Spurring Early Greenhouse Gas Reductions in the U.S.
By Dr. Daniel J. Dudek and Joseph Goffman
Now what? That question has been on the minds of environmentalists, business leaders, politicians, and many ordinary citizens around the world as they ponder the outcome of December's climate summit in Kyoto, Japan.
The results from Kyoto actually are quite remarkable. For industrial countries to meet their commitment to cut greenhouse gas emissions at least 5% below 1990 levels, starting in 2008, will be both a formidable and a promising task. Formidable, because if the U.S. were to continue with "business as usual," our greenhouse gas (GHG) emissions in 2008 could be 30% above 1990 levels! But also promising, because the strategies and technologies to accomplish the needed reductions are sure to promote a host of beneficial innovations.
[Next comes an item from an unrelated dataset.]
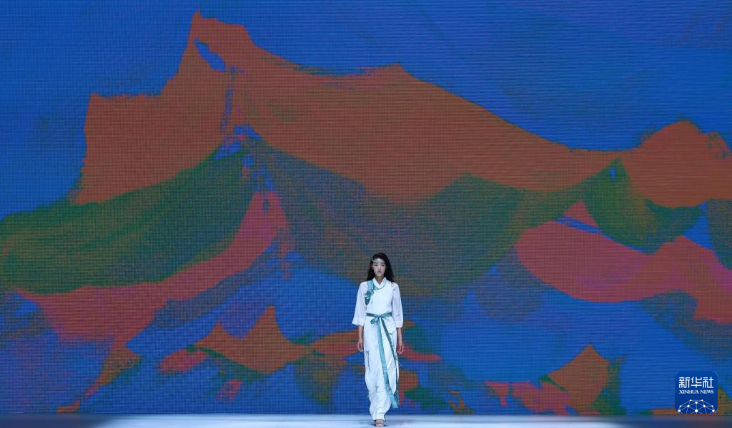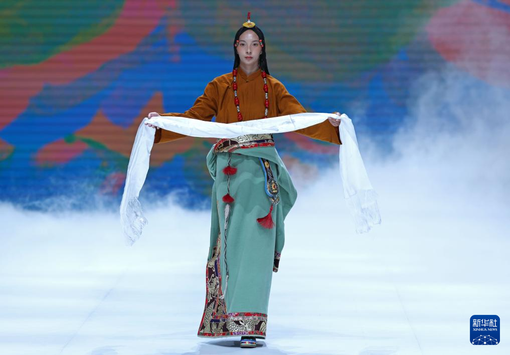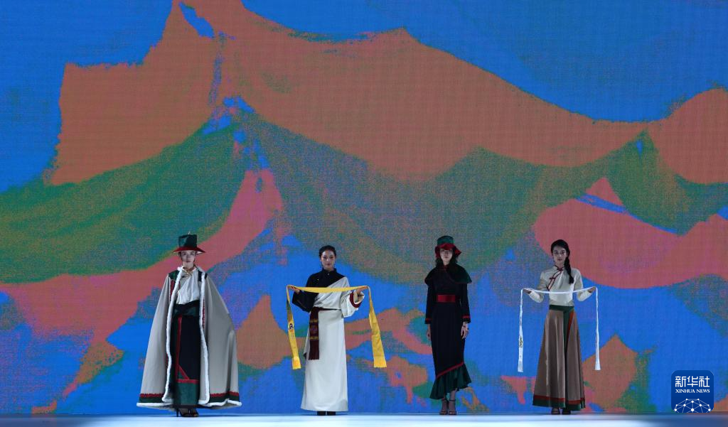 9月17日,模特在闭幕秀上展示玉树地区设计师设计的藏族服饰。

The daunting nature of the challenge can be seen in the graph at right. If the U.S. remains on its current course and follows the upward curve of GHG emissions, it will have to make abrupt changes later to get its emissions back down to the levels required by the Kyoto treaty in 2008-2012. Such abrupt changes will be expensive, and will increase the political resistance to comply with the treaty and limit the choices we can make in response to the climate challenge.
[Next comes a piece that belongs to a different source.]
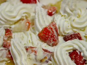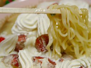 クリームとイチゴが麺の上で楽しそうですね♪ |
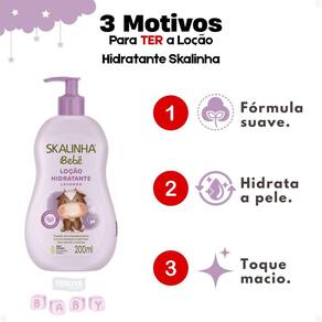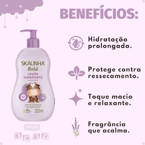 Com uma fórmula hipoalergênica, livre de parabenos, petrolato, óleo mineral e corantes, a Loção Hidratante Skalinha Bebê Lavanda proporciona um toque macio e um aroma relaxante de lavanda, ideal para a rotina de cuidados do seu pequeno.

Greenhouse Gases Persist for Decades
The upward curve poses a serious environmental risk. Greenhouse gases do their damage by staying in the atmosphere for long periods of time, typically a century or more. That is why preventing their release in the first place is so important. Because the climate treaty's limits do not begin to take effect until 2008, however, there could be ten more years of increased, unchecked GHG emissions, as shown by the upward curve. Those increased emissions represent more warming of the atmosphere.
For all these reasons, the best answer to "Now what?" may be this: Start cutting GHG emissions as quickly as possible, well before treaty obligations begin in 2008. A market-based approach long advocated by EDF -(Environmental Defense Fund) and built into the treaty itself - provides the tools needed to stimulate early reductions.
The climate treaty will create a worldwide market for GHG emission reductions. After 2008, companies and countries that can reduce GHG emissions more than required will be able to earn money by selling the excess reductions to those that face greater difficulty in making their own cuts. This creates a positive economic incentive for making extra reductions.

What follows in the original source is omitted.